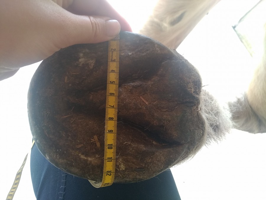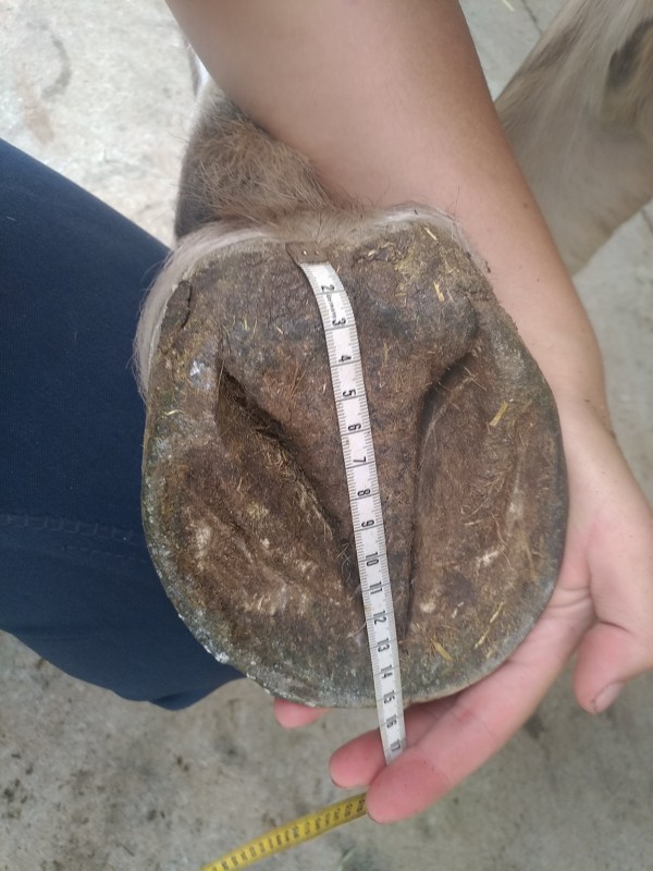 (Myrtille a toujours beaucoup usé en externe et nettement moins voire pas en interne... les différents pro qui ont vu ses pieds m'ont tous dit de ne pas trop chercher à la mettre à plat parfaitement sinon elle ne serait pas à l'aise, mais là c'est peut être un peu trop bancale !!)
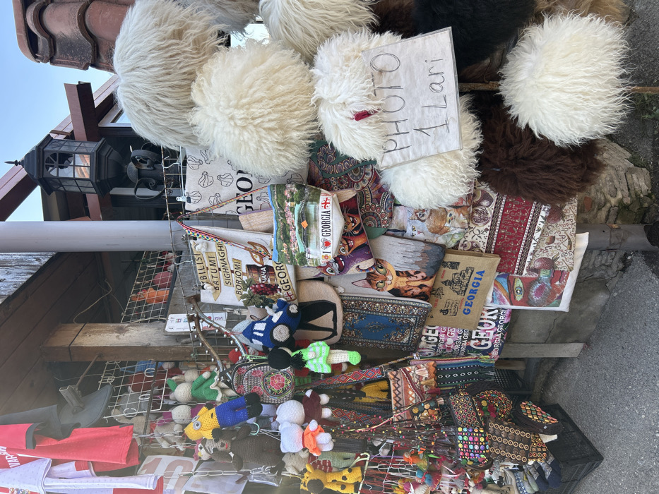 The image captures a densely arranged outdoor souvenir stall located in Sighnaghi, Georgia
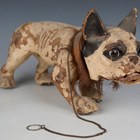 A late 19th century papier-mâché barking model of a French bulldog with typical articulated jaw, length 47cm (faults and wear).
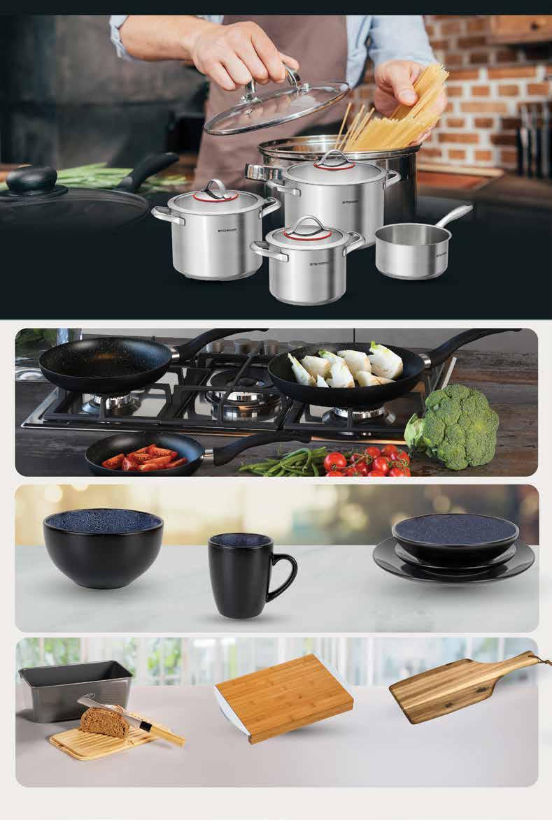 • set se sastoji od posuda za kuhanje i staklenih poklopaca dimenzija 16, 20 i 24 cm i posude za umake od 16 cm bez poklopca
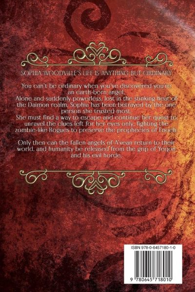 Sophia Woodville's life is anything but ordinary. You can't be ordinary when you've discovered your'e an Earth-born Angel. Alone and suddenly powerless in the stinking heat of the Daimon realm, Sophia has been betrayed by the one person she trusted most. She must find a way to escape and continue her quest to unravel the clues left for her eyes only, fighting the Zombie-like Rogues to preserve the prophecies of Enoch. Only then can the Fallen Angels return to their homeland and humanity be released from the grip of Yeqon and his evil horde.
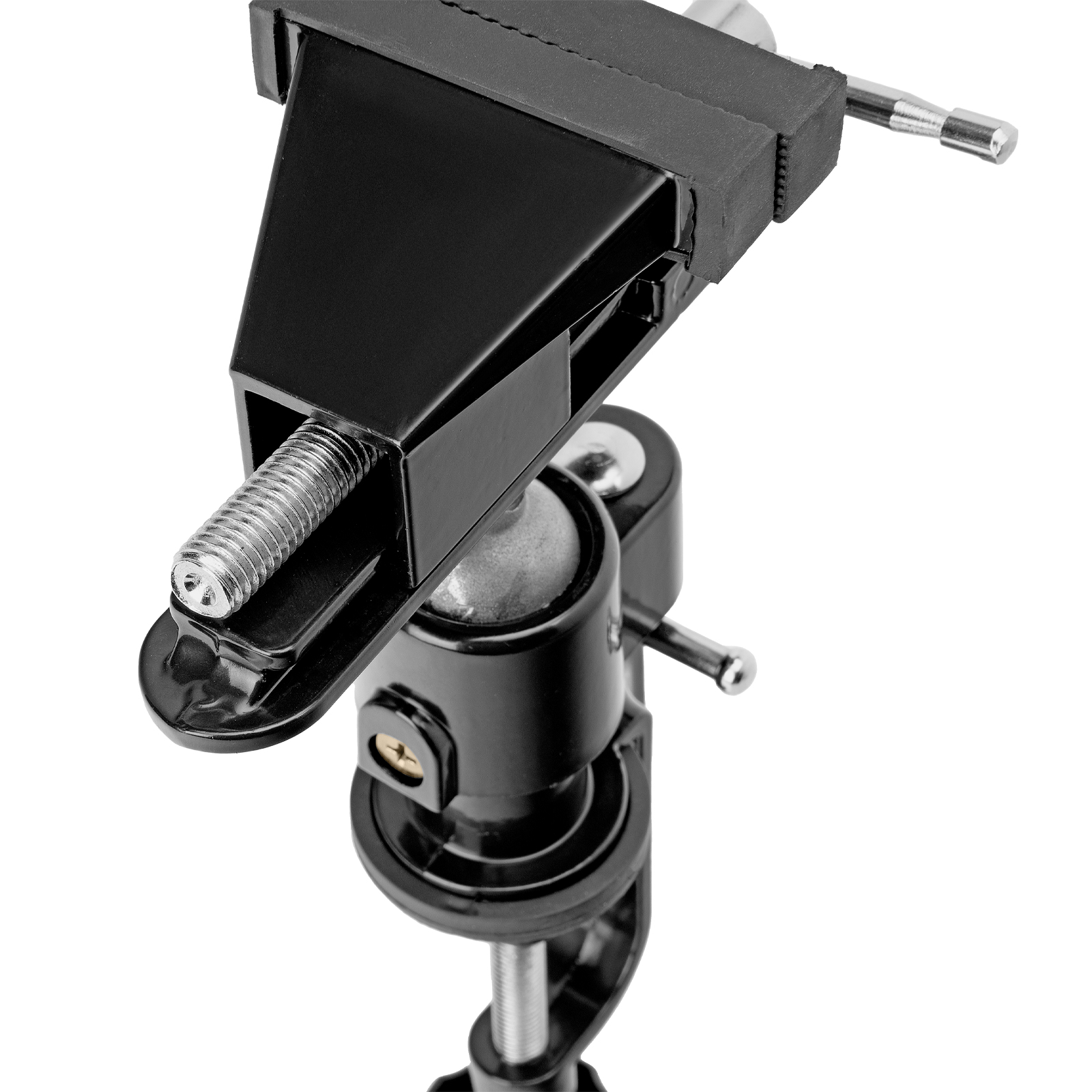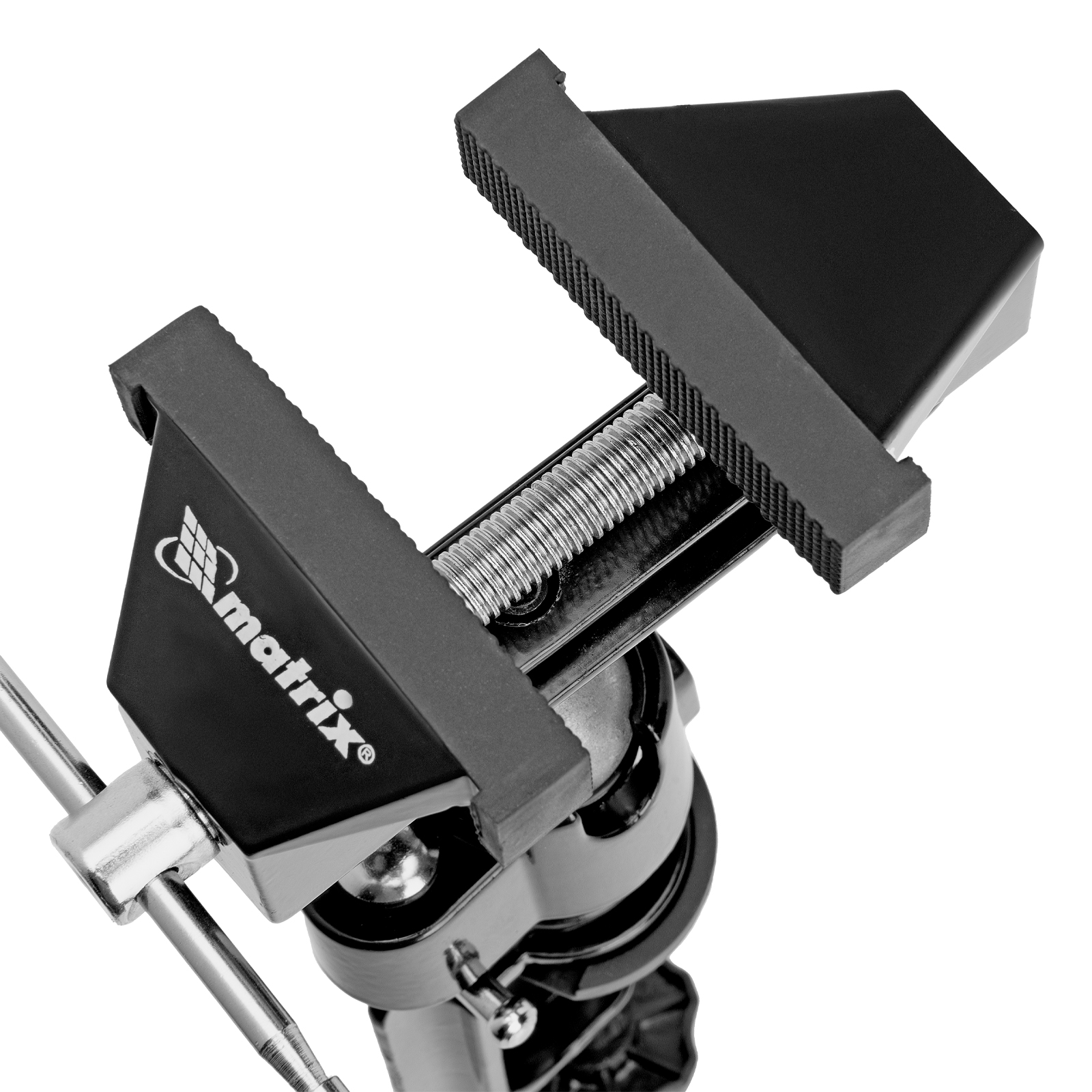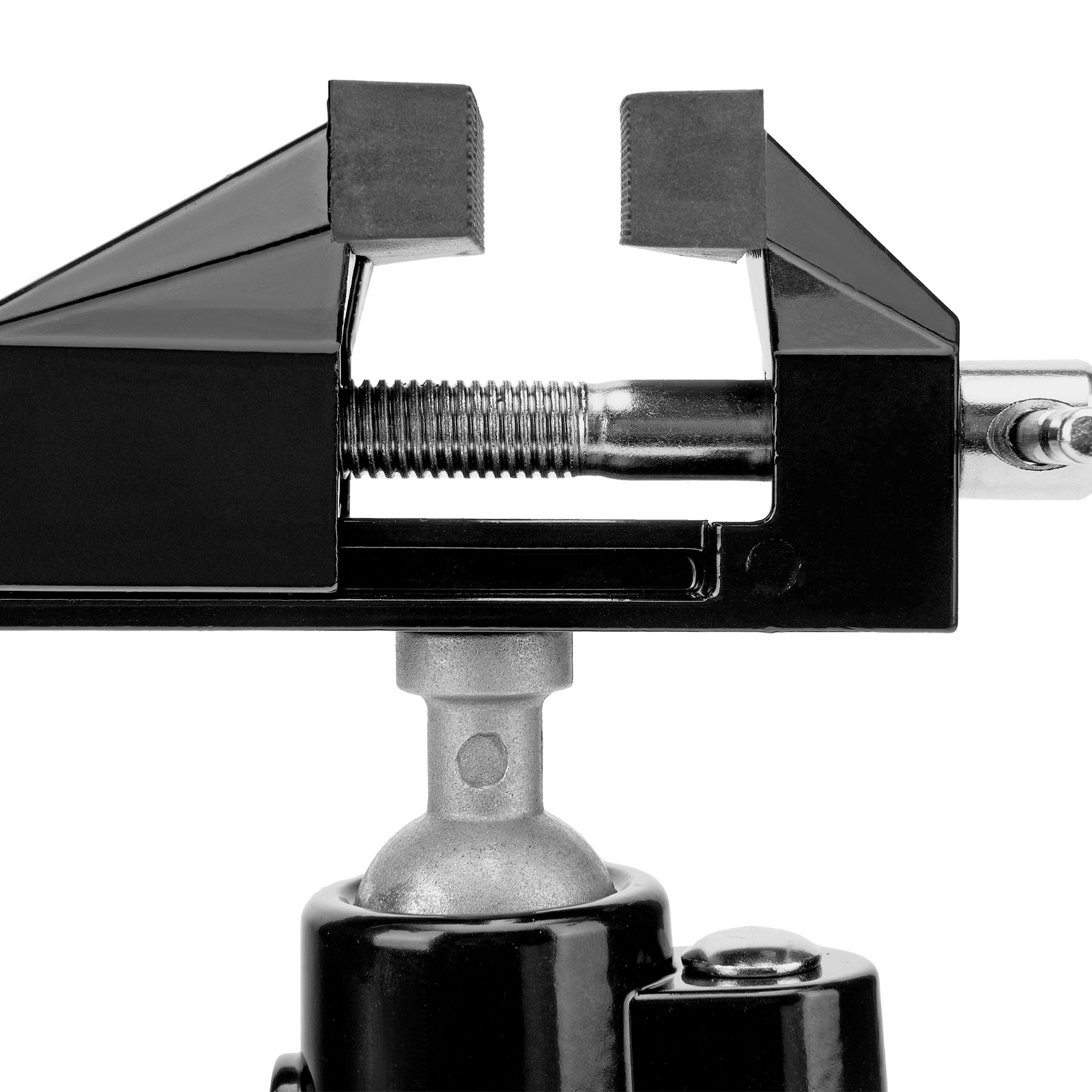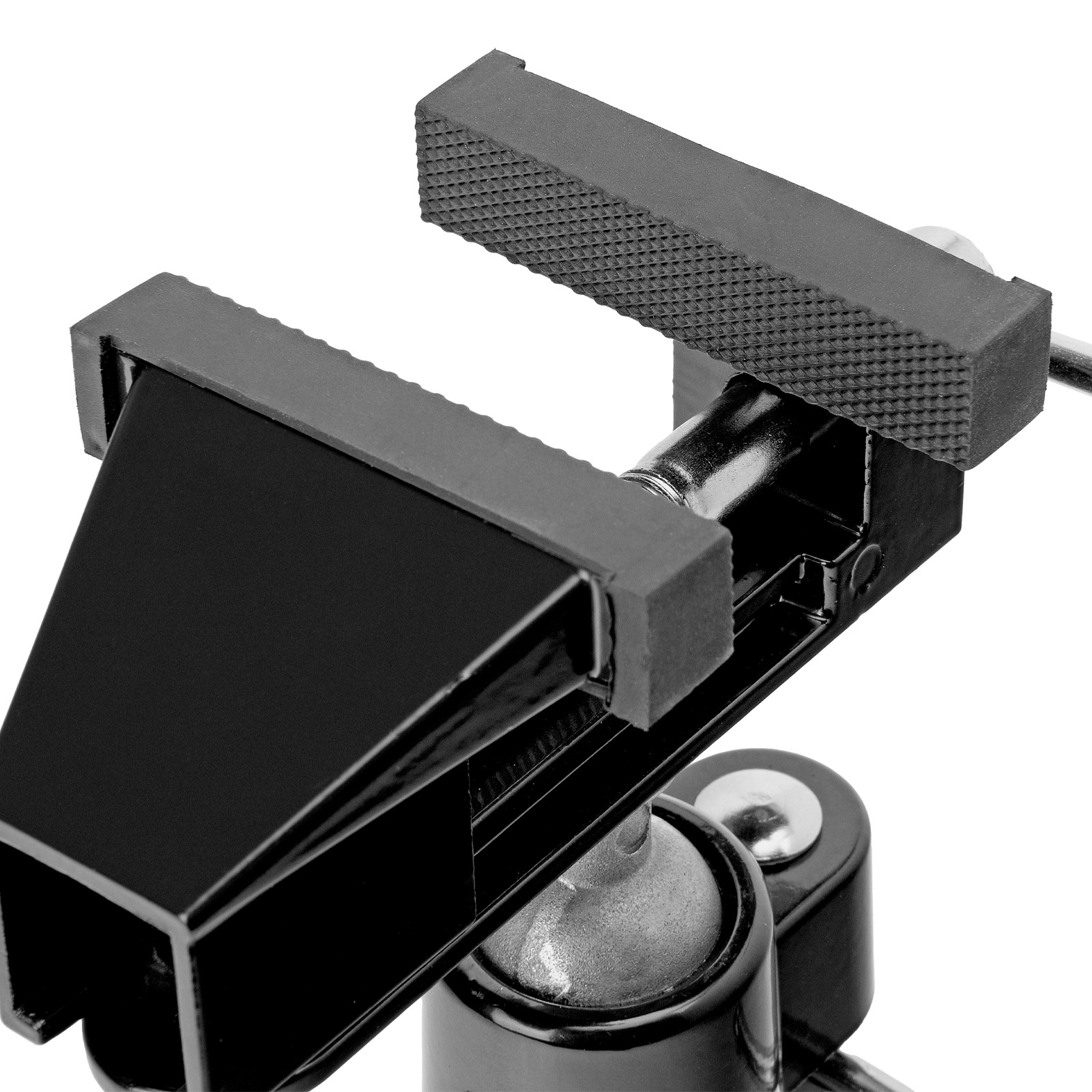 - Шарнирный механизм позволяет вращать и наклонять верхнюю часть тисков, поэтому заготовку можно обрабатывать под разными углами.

* **Task**: In the reply, give again exactly the lines from the beginning of the entries above through the line with "The image captures"; pictures stay out.

* **Solution to the problem**:
 (Myrtille a toujours beaucoup usé en externe et nettement moins voire pas en interne... les différents pro qui ont vu ses pieds m'ont tous dit de ne pas trop chercher à la mettre à plat parfaitement sinon elle ne serait pas à l'aise, mais là c'est peut être un peu trop bancale !!)
 The image captures a densely arranged outdoor souvenir stall located in Sighnaghi, Georgia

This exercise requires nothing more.